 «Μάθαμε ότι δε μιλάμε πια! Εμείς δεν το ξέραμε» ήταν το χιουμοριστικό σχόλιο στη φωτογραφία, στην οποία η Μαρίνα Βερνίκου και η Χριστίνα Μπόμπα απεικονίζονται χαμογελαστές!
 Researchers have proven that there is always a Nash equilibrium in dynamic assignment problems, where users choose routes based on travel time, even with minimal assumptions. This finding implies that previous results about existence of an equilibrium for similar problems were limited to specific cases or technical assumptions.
════════
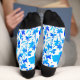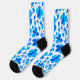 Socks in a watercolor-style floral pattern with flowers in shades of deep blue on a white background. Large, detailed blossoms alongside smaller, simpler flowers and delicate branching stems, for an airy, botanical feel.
════════
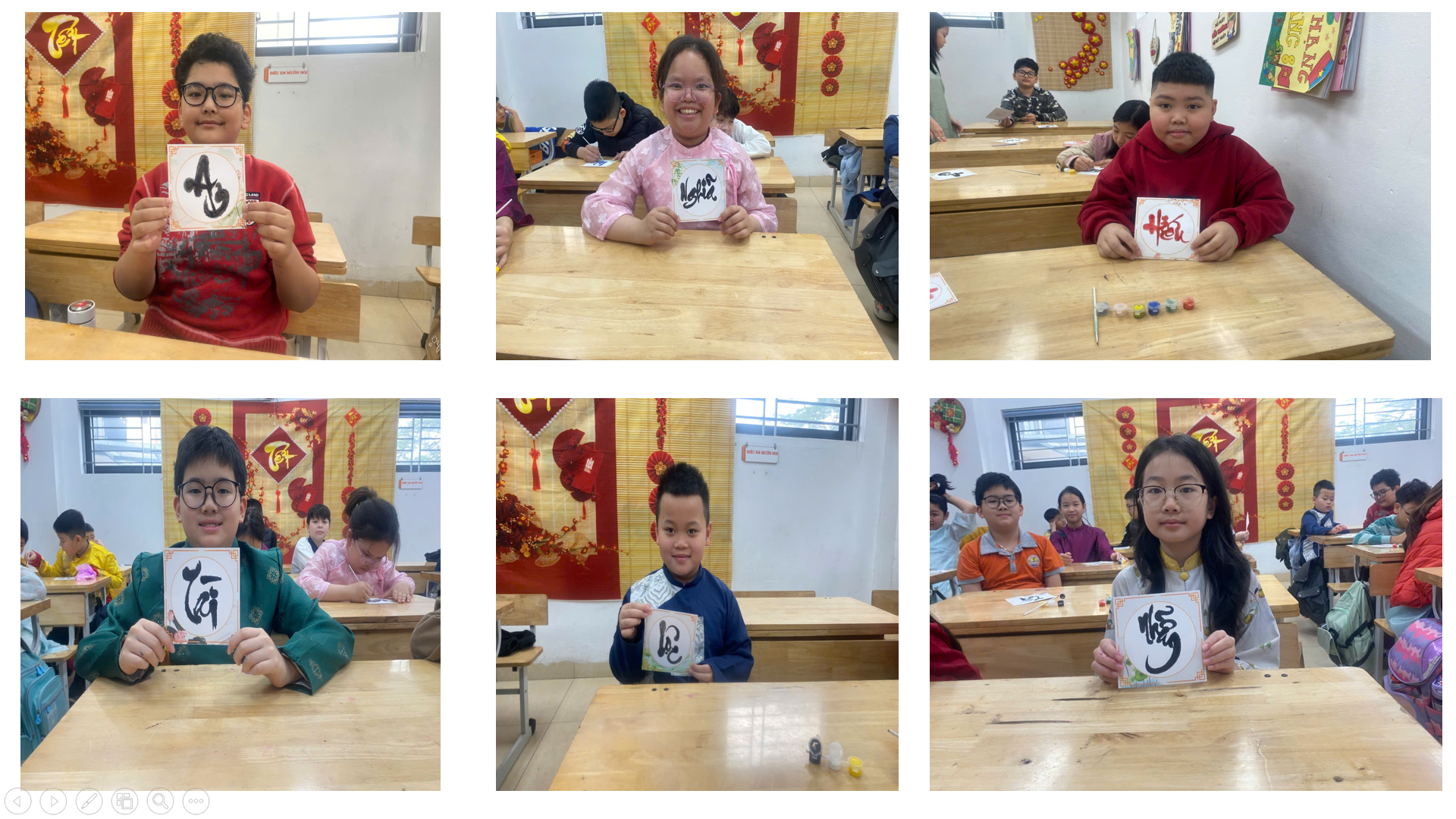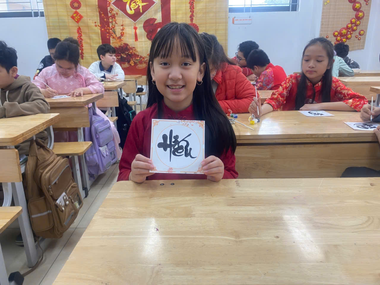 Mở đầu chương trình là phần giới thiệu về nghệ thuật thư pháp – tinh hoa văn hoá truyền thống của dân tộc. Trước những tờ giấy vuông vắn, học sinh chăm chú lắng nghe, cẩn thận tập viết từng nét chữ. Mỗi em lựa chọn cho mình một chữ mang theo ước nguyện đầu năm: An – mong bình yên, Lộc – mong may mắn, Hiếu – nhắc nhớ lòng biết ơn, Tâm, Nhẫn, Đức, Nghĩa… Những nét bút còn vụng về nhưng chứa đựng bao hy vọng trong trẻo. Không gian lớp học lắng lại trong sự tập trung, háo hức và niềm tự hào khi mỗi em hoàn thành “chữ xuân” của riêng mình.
════════
▶ **WHAT TO DO**
Begin at the line above that has "Μπόμπα απεικονίζονται χαμογελαστές!" and stop after the line that has "Researchers have proven", copying each line exactly and adding nothing else.

▶ **SOLVED PROBLEM**
 «Μάθαμε ότι δε μιλάμε πια! Εμείς δεν το ξέραμε» ήταν το χιουμοριστικό σχόλιο στη φωτογραφία, στην οποία η Μαρίνα Βερνίκου και η Χριστίνα Μπόμπα απεικονίζονται χαμογελαστές!
 Researchers have proven that there is always a Nash equilibrium in dynamic assignment problems, where users choose routes based on travel time, even with minimal assumptions. This finding implies that previous results about existence of an equilibrium for similar problems were limited to specific cases or technical assumptions.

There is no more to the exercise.